| Materials provided |

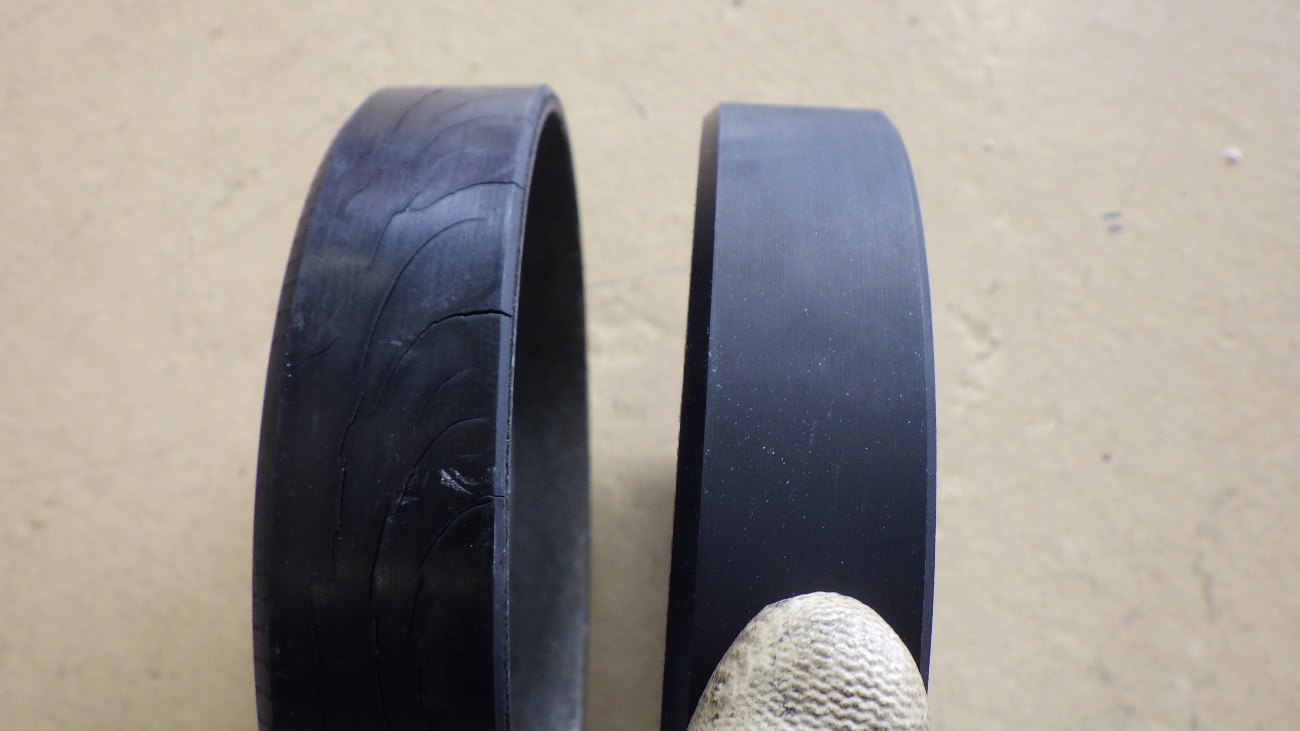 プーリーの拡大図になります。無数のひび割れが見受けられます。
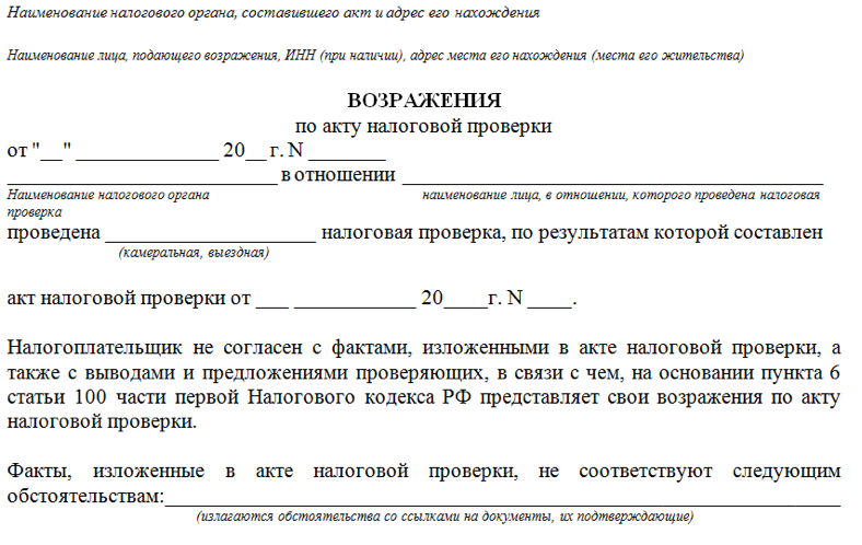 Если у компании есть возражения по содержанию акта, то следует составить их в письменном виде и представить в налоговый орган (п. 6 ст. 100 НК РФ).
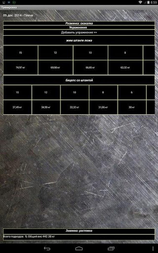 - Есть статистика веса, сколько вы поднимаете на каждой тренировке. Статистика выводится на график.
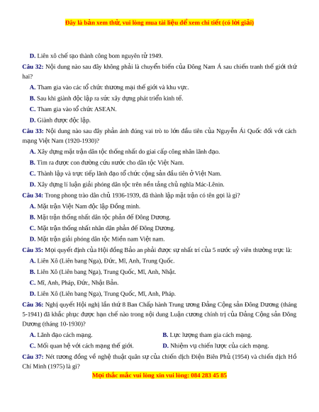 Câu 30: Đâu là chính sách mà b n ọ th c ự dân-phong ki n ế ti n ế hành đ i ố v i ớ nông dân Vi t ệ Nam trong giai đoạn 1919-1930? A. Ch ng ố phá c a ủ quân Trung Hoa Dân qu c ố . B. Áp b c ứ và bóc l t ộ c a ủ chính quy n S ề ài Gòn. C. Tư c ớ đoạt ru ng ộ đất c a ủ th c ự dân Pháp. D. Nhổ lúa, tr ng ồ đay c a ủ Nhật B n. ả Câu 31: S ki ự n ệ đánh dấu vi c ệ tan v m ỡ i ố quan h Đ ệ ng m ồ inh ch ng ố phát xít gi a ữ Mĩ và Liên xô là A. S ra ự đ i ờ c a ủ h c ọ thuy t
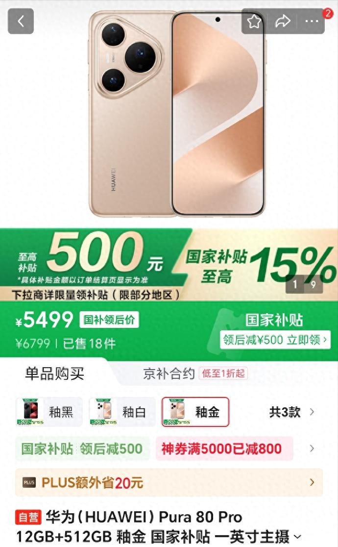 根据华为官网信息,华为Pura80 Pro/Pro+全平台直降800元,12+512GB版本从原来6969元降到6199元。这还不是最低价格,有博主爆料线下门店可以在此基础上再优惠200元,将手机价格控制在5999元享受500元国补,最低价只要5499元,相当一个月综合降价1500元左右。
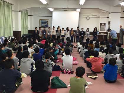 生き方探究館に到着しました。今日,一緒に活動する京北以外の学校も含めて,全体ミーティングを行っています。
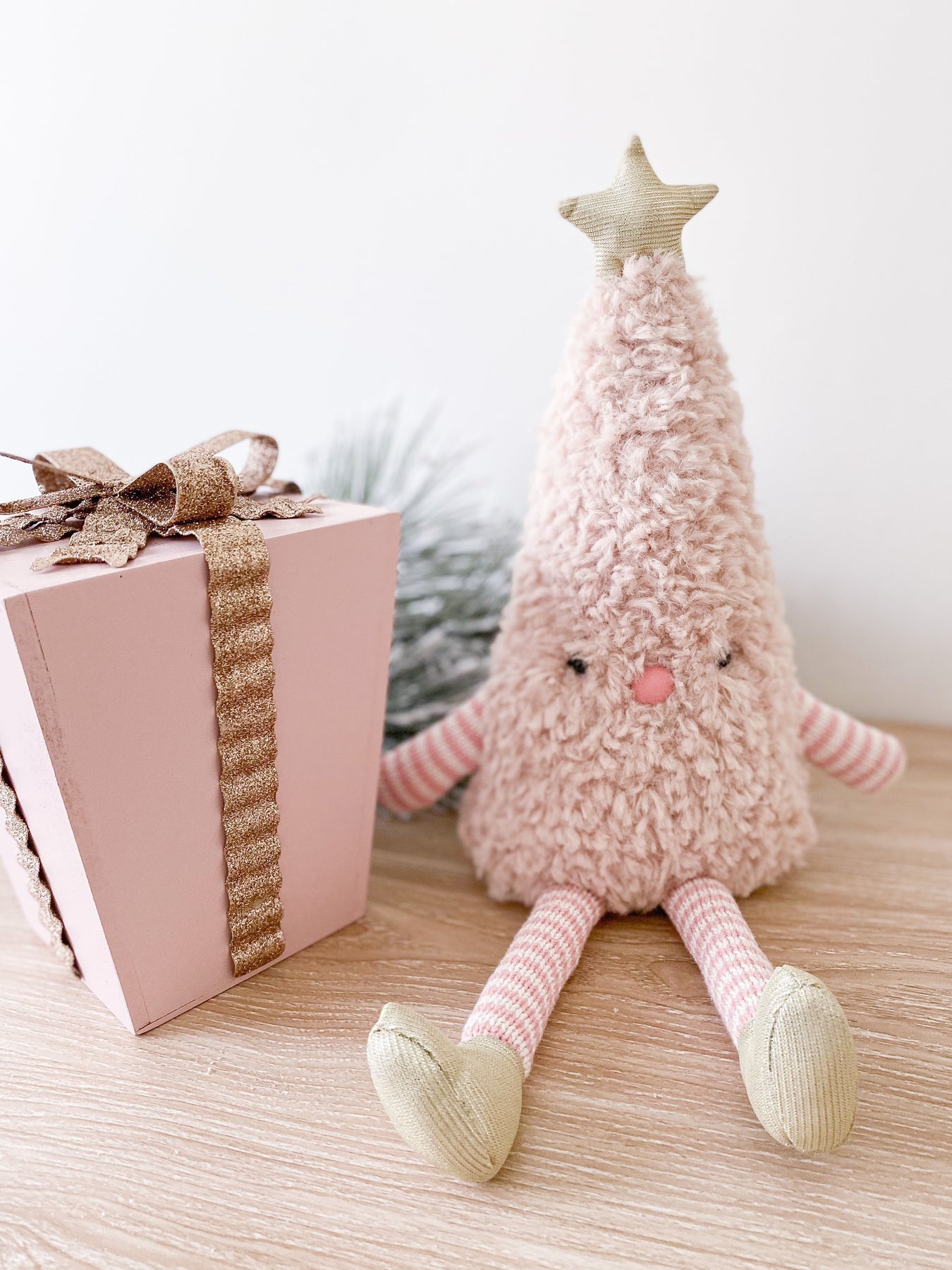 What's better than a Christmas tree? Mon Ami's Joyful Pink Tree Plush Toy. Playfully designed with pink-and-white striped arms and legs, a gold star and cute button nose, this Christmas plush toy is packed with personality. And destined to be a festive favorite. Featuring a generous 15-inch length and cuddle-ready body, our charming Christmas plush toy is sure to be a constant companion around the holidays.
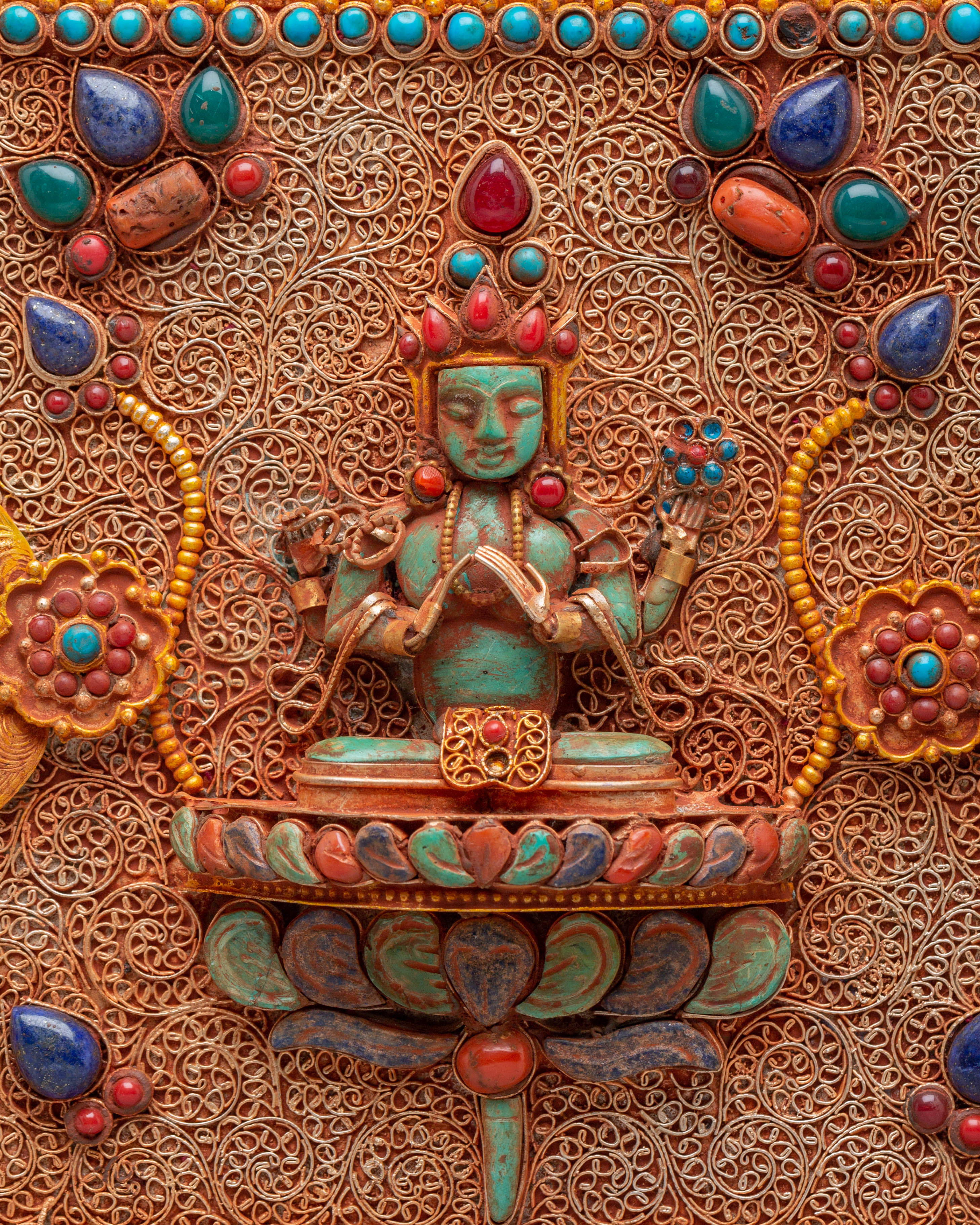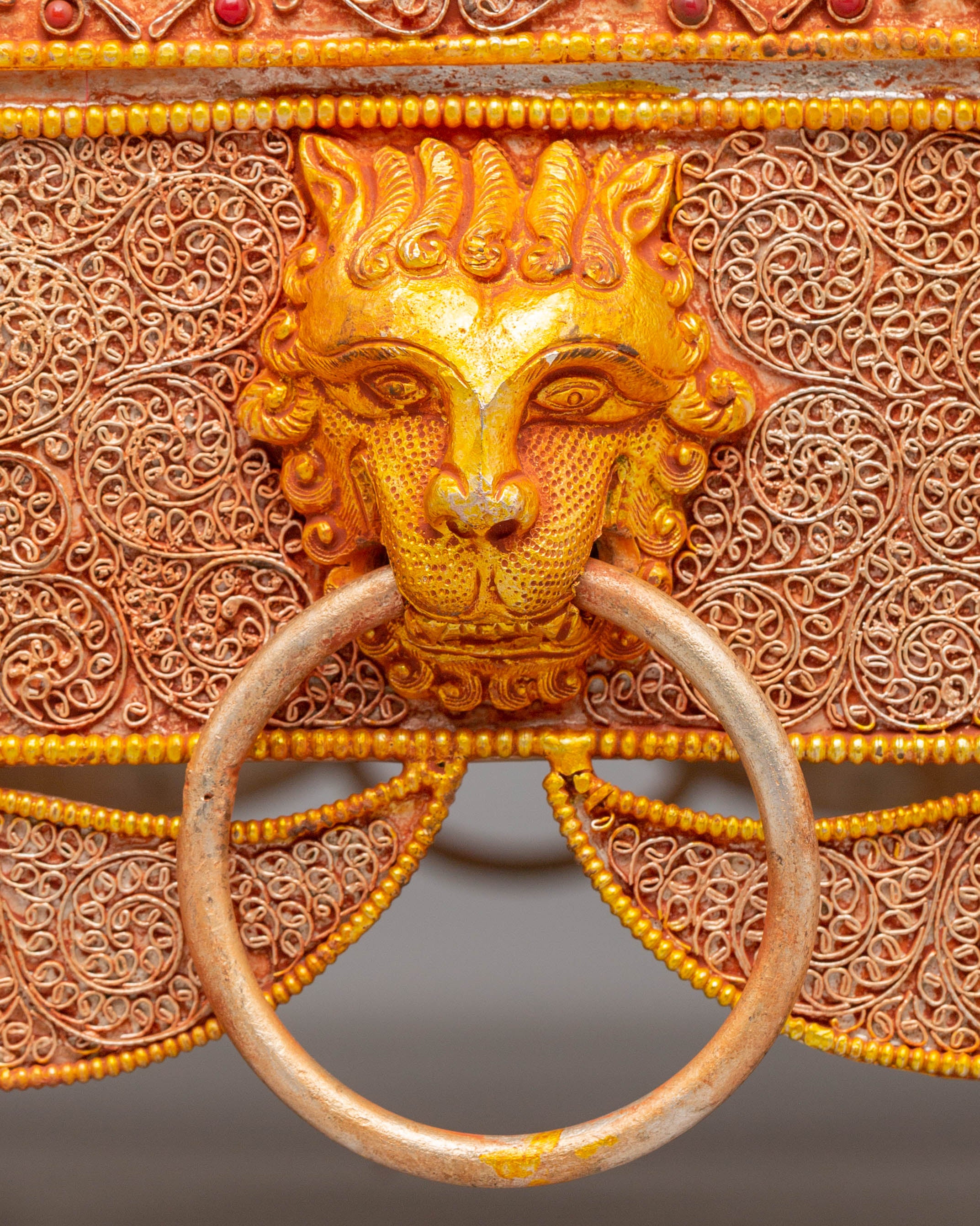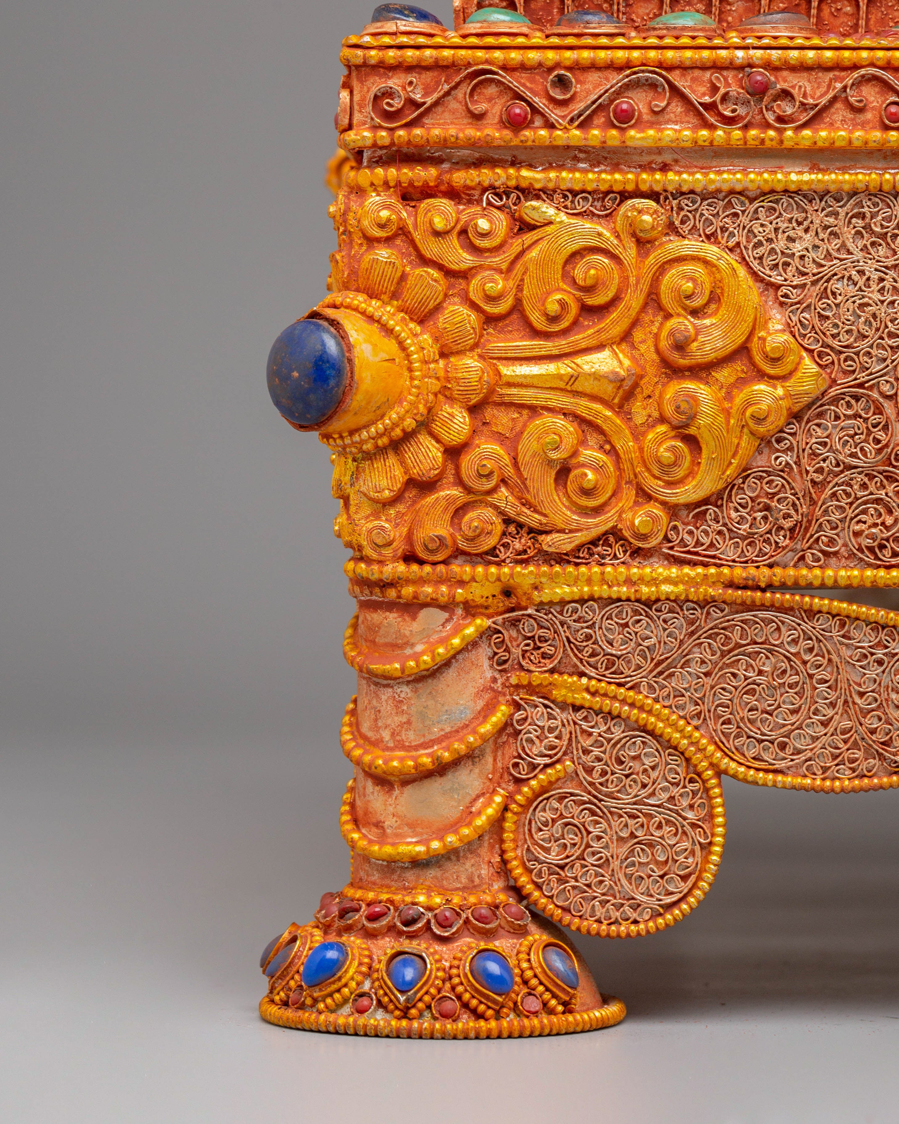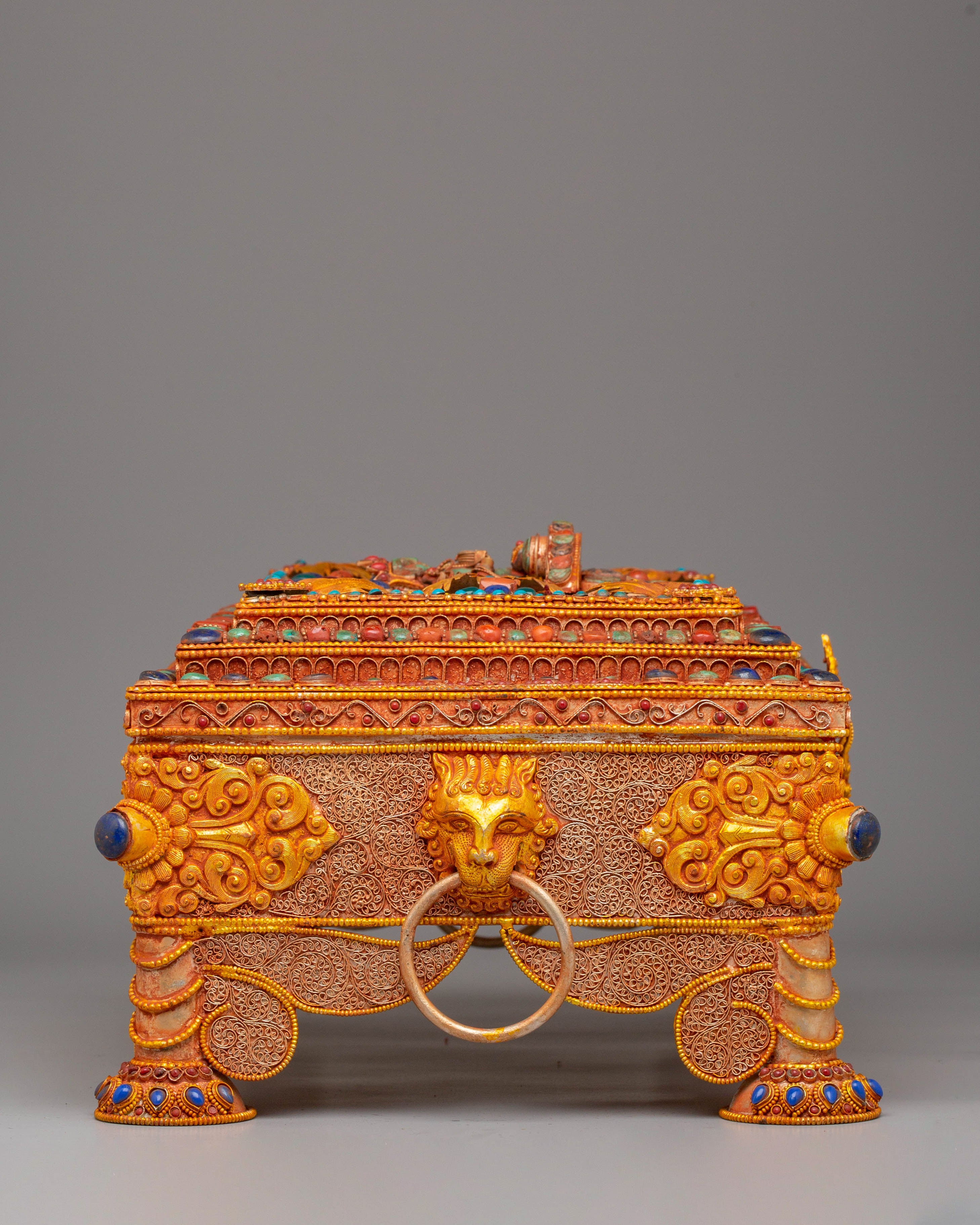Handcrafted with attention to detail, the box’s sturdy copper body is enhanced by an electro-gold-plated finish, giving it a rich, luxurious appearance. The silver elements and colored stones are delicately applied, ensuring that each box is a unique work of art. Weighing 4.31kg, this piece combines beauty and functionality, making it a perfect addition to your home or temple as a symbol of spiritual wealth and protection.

| Exercise objective |
Please print the records above once more, word for word, omitting all pictures.

| Response area |
 プーリーの拡大図になります。無数のひび割れが見受けられます。
 Если у компании есть возражения по содержанию акта, то следует составить их в письменном виде и представить в налоговый орган (п. 6 ст. 100 НК РФ).
 - Есть статистика веса, сколько вы поднимаете на каждой тренировке. Статистика выводится на график.
 Câu 30: Đâu là chính sách mà b n ọ th c ự dân-phong ki n ế ti n ế hành đ i ố v i ớ nông dân Vi t ệ Nam trong giai đoạn 1919-1930? A. Ch ng ố phá c a ủ quân Trung Hoa Dân qu c ố . B. Áp b c ứ và bóc l t ộ c a ủ chính quy n S ề ài Gòn. C. Tư c ớ đoạt ru ng ộ đất c a ủ th c ự dân Pháp. D. Nhổ lúa, tr ng ồ đay c a ủ Nhật B n. ả Câu 31: S ki ự n ệ đánh dấu vi c ệ tan v m ỡ i ố quan h Đ ệ ng m ồ inh ch ng ố phát xít gi a ữ Mĩ và Liên xô là A. S ra ự đ i ờ c a ủ h c ọ thuy t
 根据华为官网信息,华为Pura80 Pro/Pro+全平台直降800元,12+512GB版本从原来6969元降到6199元。这还不是最低价格,有博主爆料线下门店可以在此基础上再优惠200元,将手机价格控制在5999元享受500元国补,最低价只要5499元,相当一个月综合降价1500元左右。
 生き方探究館に到着しました。今日,一緒に活動する京北以外の学校も含めて,全体ミーティングを行っています。
 What's better than a Christmas tree? Mon Ami's Joyful Pink Tree Plush Toy. Playfully designed with pink-and-white striped arms and legs, a gold star and cute button nose, this Christmas plush toy is packed with personality. And destined to be a festive favorite. Featuring a generous 15-inch length and cuddle-ready body, our charming Christmas plush toy is sure to be a constant companion around the holidays.
Handcrafted with attention to detail, the box’s sturdy copper body is enhanced by an electro-gold-plated finish, giving it a rich, luxurious appearance. The silver elements and colored stones are delicately applied, ensuring that each box is a unique work of art. Weighing 4.31kg, this piece combines beauty and functionality, making it a perfect addition to your home or temple as a symbol of spiritual wealth and protection.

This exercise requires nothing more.